BEGIN Information
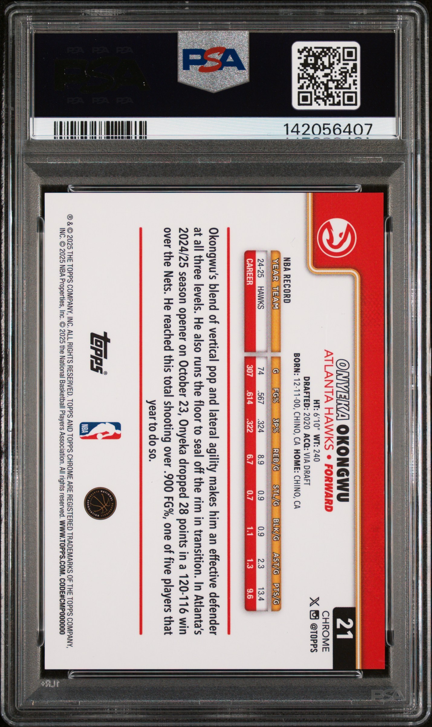 2025 Topps Chrome Onyeka Okongwu Gold Wave /50 #21 PSA 10 IYC
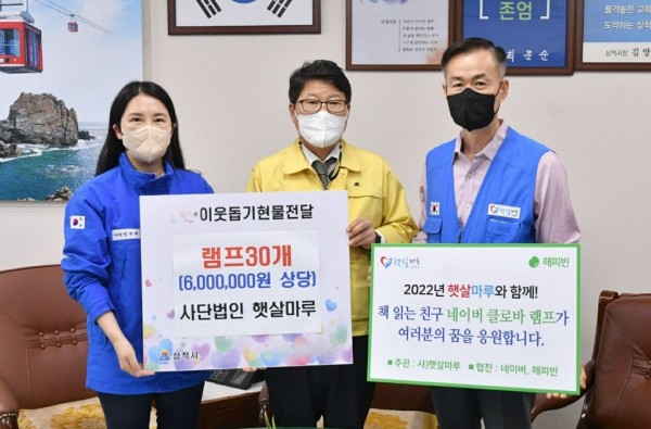 4월 29일 사단법인 햇살마루는 산불로 인한 피해지역인 삼척시에 교육을 보조할 수 있는 책 읽어주는 친구 "네이버 클로바 램프" 전달 차 삼척시청에서 심원섭 부시장님과 간담회 시간을 가졌습니다. 삼척지역아동센터, 다문화 가족 등 가정의 달에 학습 도움이 되어줄 수 있는 클로바 램프를 삼척시에 전달하였습니다.
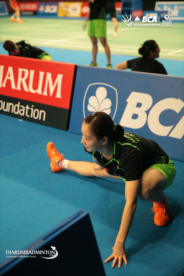 Tang Jinhua (Tiongkok) melakukan peregangan sebelum memulai latihan
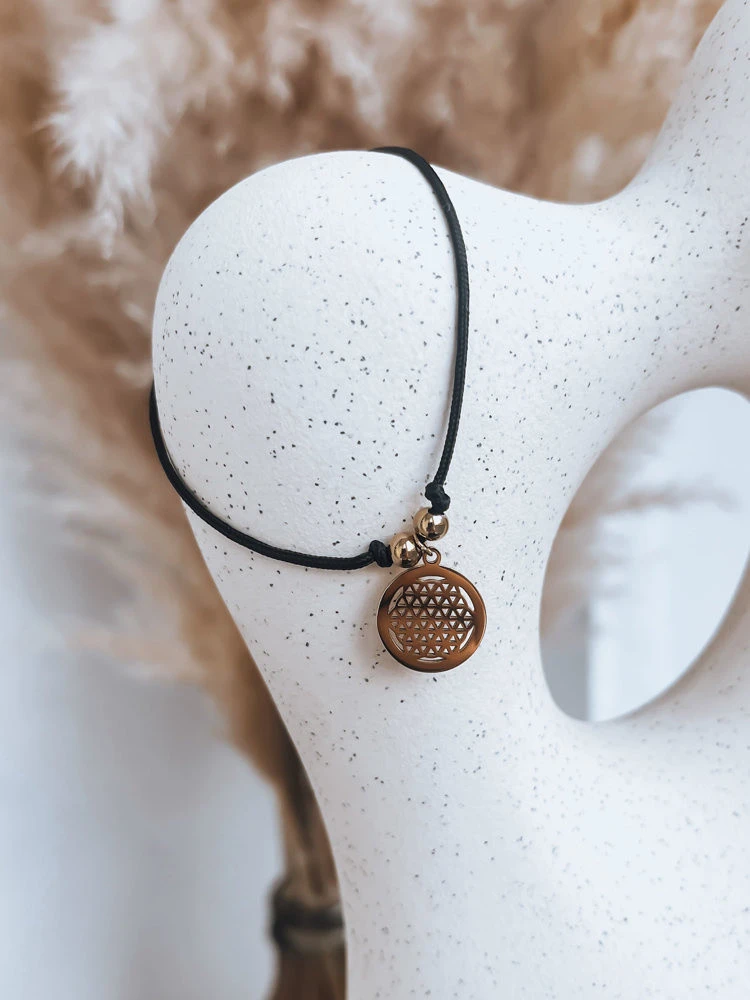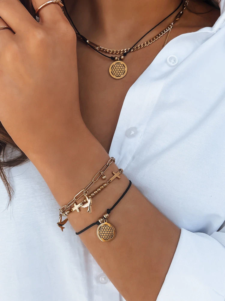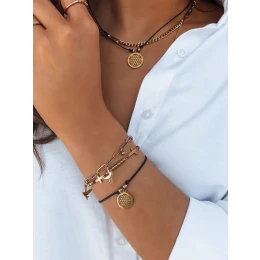 Náramek LANZAROTE je návrh, který bude vypadat skvěle jako doplňkový šperk i samostatně. Na černé šňůrce je umístěn ozdobný přívěsek ve zlaté barvě. Zapínání je nastavitelné.
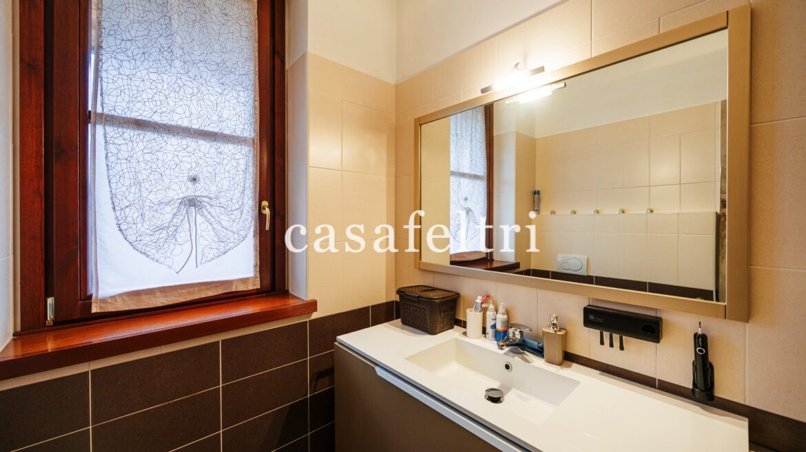 Tramite una comoda scala si arriva al piano primo ove è ubicato l’immobile che è così disposto: ingresso sull’ampio soggiorno al quale si accede ad una grande terrazza vivibile, cucina abitabile e separata da una splendida vetrata, anch’essa con un balcone, disimpegno che conduce nella zona notte ove vi sono 3 camere da letto (una matrimoniale, una doppia e una singola ampia) oltre doppi servizi finestrati.
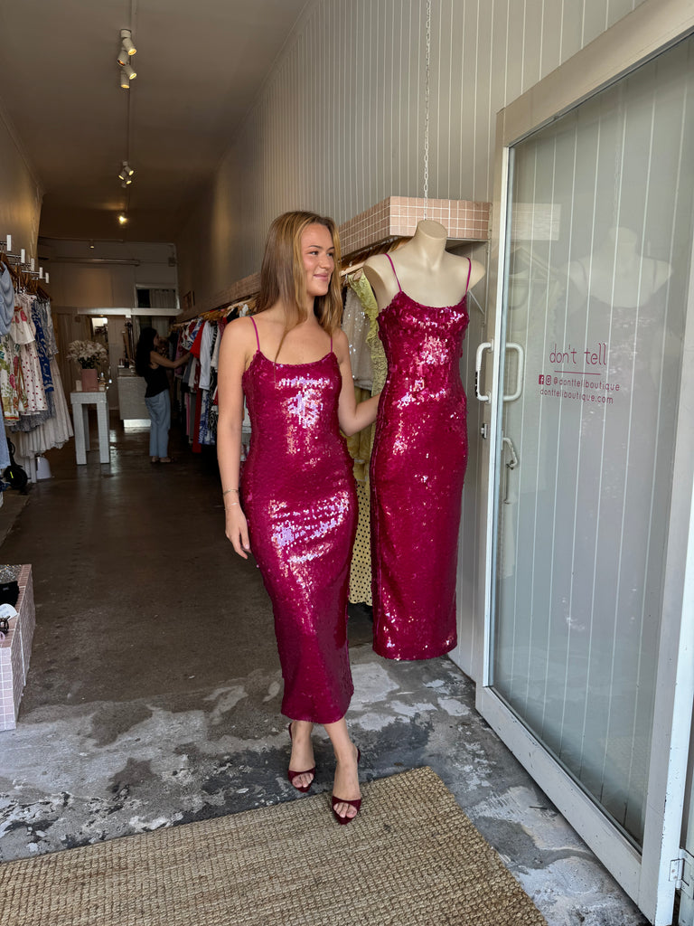- Rich berry toned sequins in a flattering cut
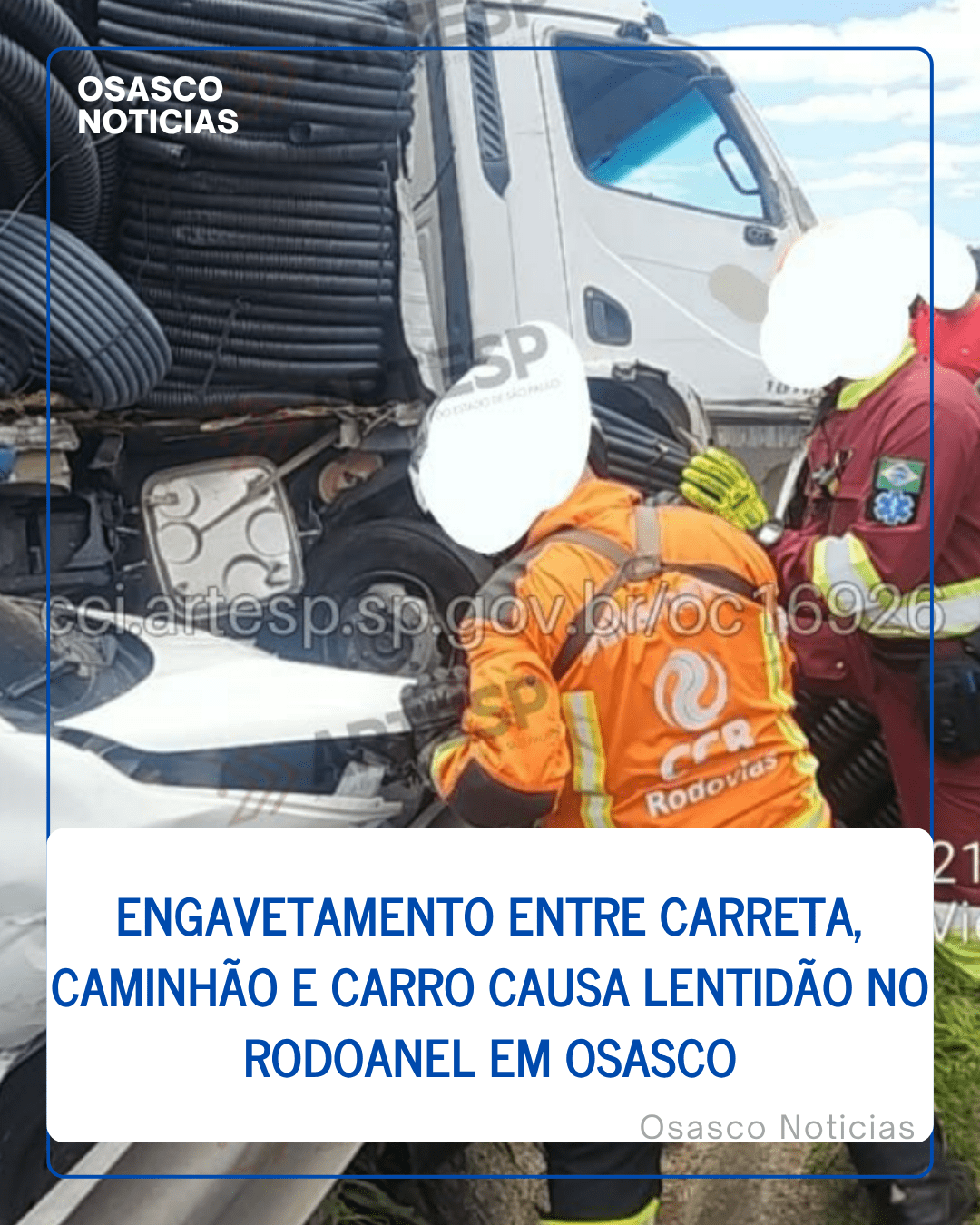 <p data-start="93" data-end="281">Um engavetamento envolvendo uma <strong data-start="125" data-end="173">carreta, um caminhão e um veículo utilitário</strong> deixou o trânsito complicado no <strong data-start="206" data-end="230">Rodoanel Mário Covas</strong>, em <strong data-start="235" data-end="245">Osasco</strong>, na tarde desta terça-feira (21).</p>
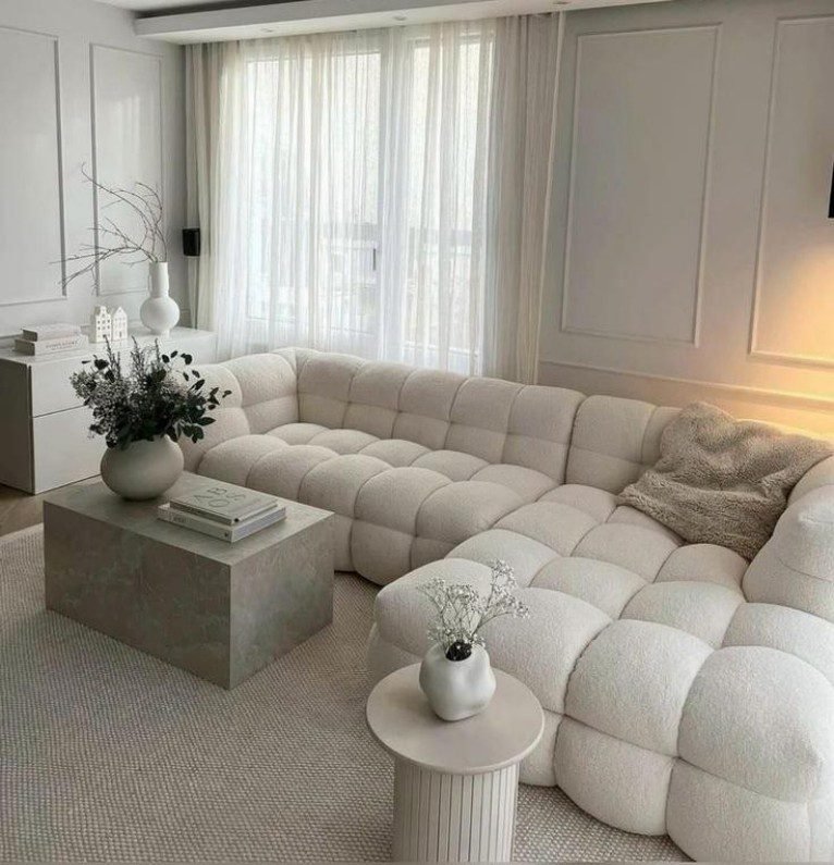 This sofa features a modern, cloud-inspired design with plush cushions that create a cozy and inviting atmosphere. The clean lines and soft white fabric enhance any room’s aesthetic, from minimalist to contemporary. The sturdy construction ensures durability, while the luxurious feel adds a sense of elegance. Perfect for both relaxation and style, it complements a wide range of home decor styles.
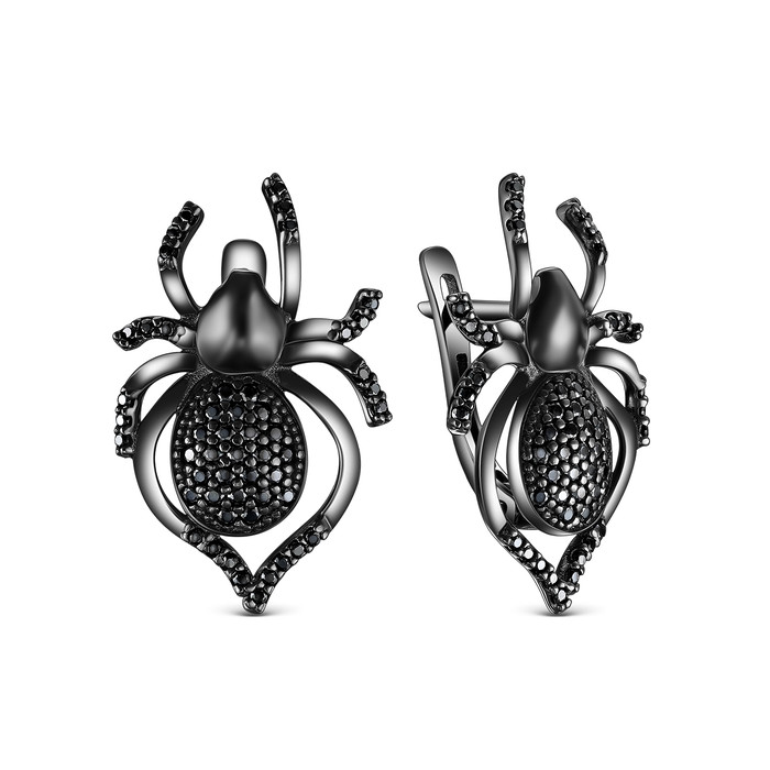 Совместные покупки Сургут Ювелирные украшения и бижутерия Серьги — Серьги из серебра с натуральной шпинелью родированные - Пауки 925 пробы С-7622рч
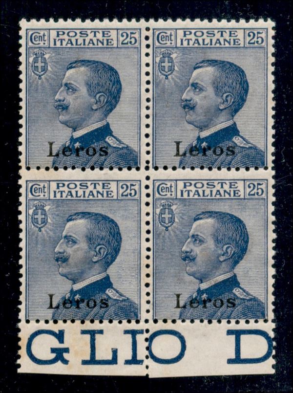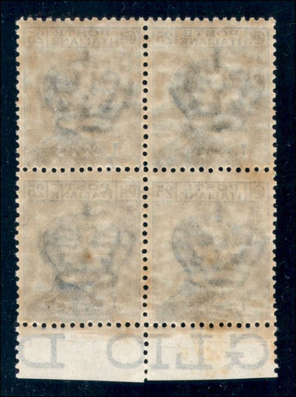 1912 - Quartina del 25 cent Michetti (5) - bordo foglio - gomma integra (1100)
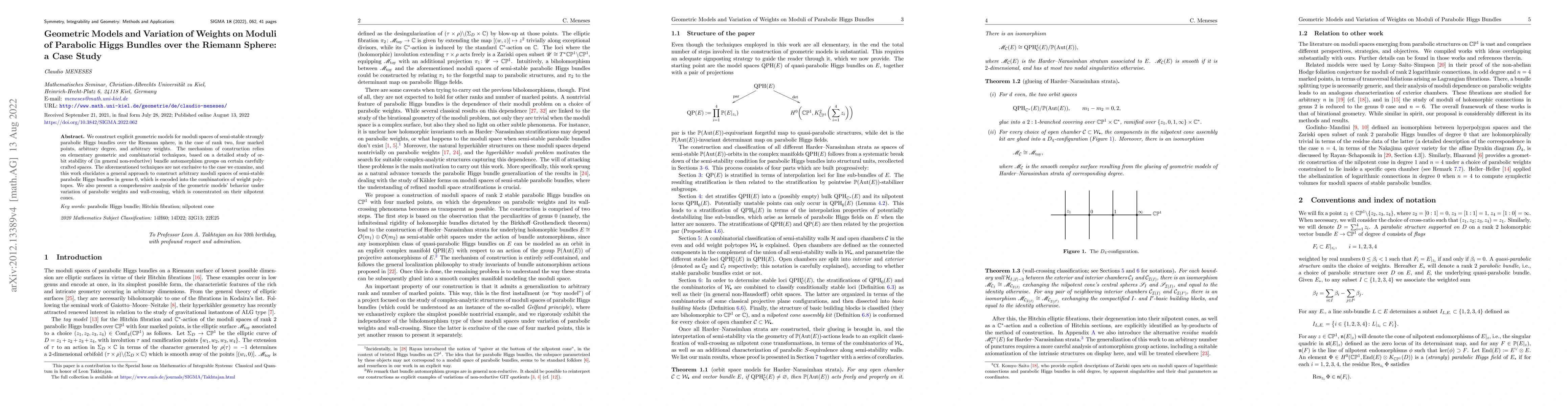 This paper constructs geometric models for moduli spaces of rank two semi-stable parabolic Higgs bundles over the Riemann sphere, employing combinatorial techniques. It explores the behavior of these models under weight variations and wall-crossing, emphasizing nilpotent cones.
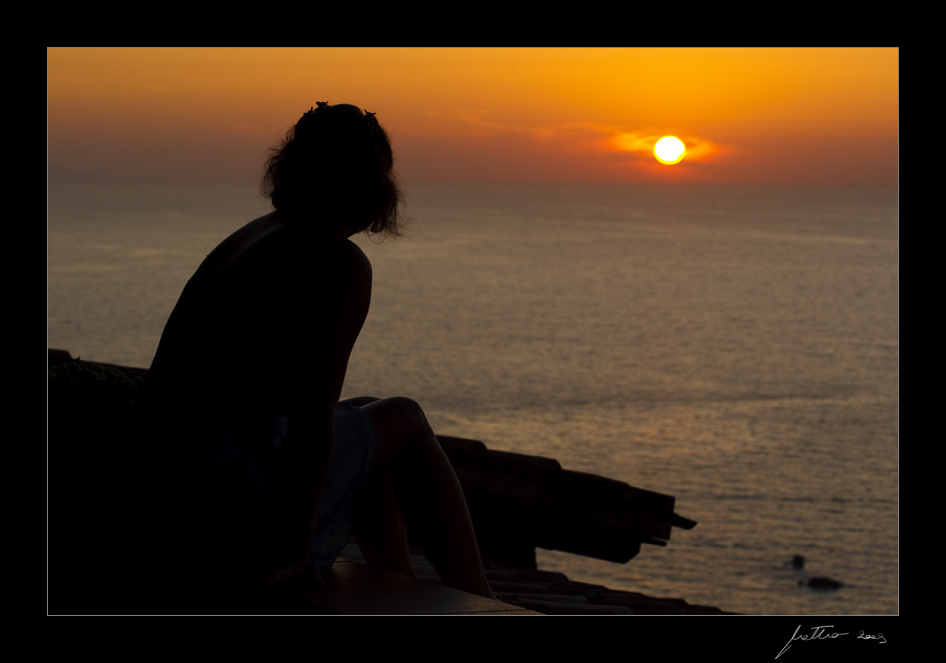 Sono affascinato da questo tipo di scatti, il tramonto e le sue sfumature sono sempre incantevoli e poi quando c'è una persona che lo stà osserando il tutto prende vita come per magia
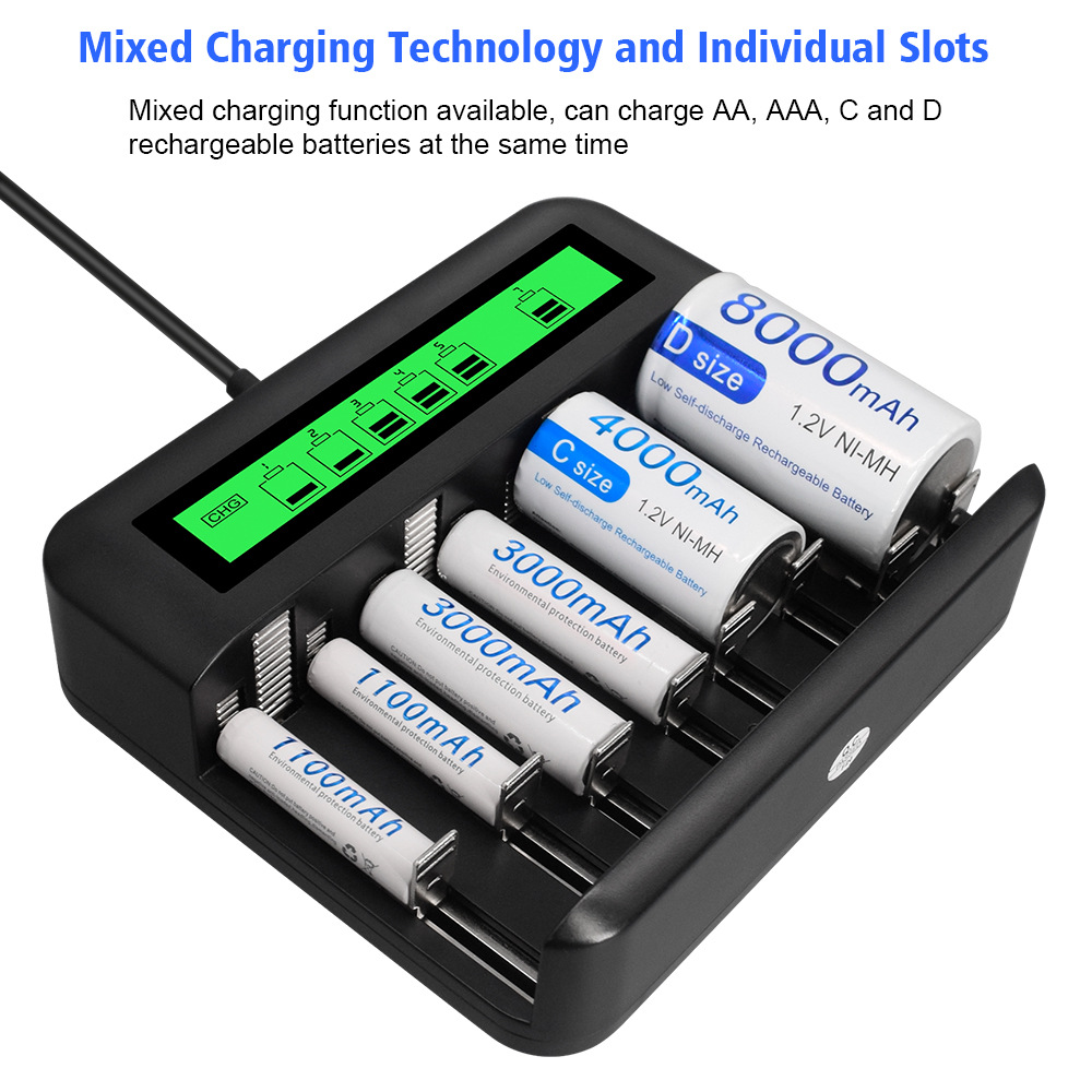 Это 8-разъемное зарядное устройство может заряжать 8 батарей одновременно, что экономит время.
END Information
## Exercise goal
From the entries above, copy exactly the lines starting at the one with "- Rich berry" and stopping at the one with "1912 - Quartina", keeping both ends. Drop the pictures.

## Answer for the task
- Rich berry toned sequins in a flattering cut
 <p data-start="93" data-end="281">Um engavetamento envolvendo uma <strong data-start="125" data-end="173">carreta, um caminhão e um veículo utilitário</strong> deixou o trânsito complicado no <strong data-start="206" data-end="230">Rodoanel Mário Covas</strong>, em <strong data-start="235" data-end="245">Osasco</strong>, na tarde desta terça-feira (21).</p>
 This sofa features a modern, cloud-inspired design with plush cushions that create a cozy and inviting atmosphere. The clean lines and soft white fabric enhance any room’s aesthetic, from minimalist to contemporary. The sturdy construction ensures durability, while the luxurious feel adds a sense of elegance. Perfect for both relaxation and style, it complements a wide range of home decor styles.
 Совместные покупки Сургут Ювелирные украшения и бижутерия Серьги — Серьги из серебра с натуральной шпинелью родированные - Пауки 925 пробы С-7622рч
 1912 - Quartina del 25 cent Michetti (5) - bordo foglio - gomma integra (1100)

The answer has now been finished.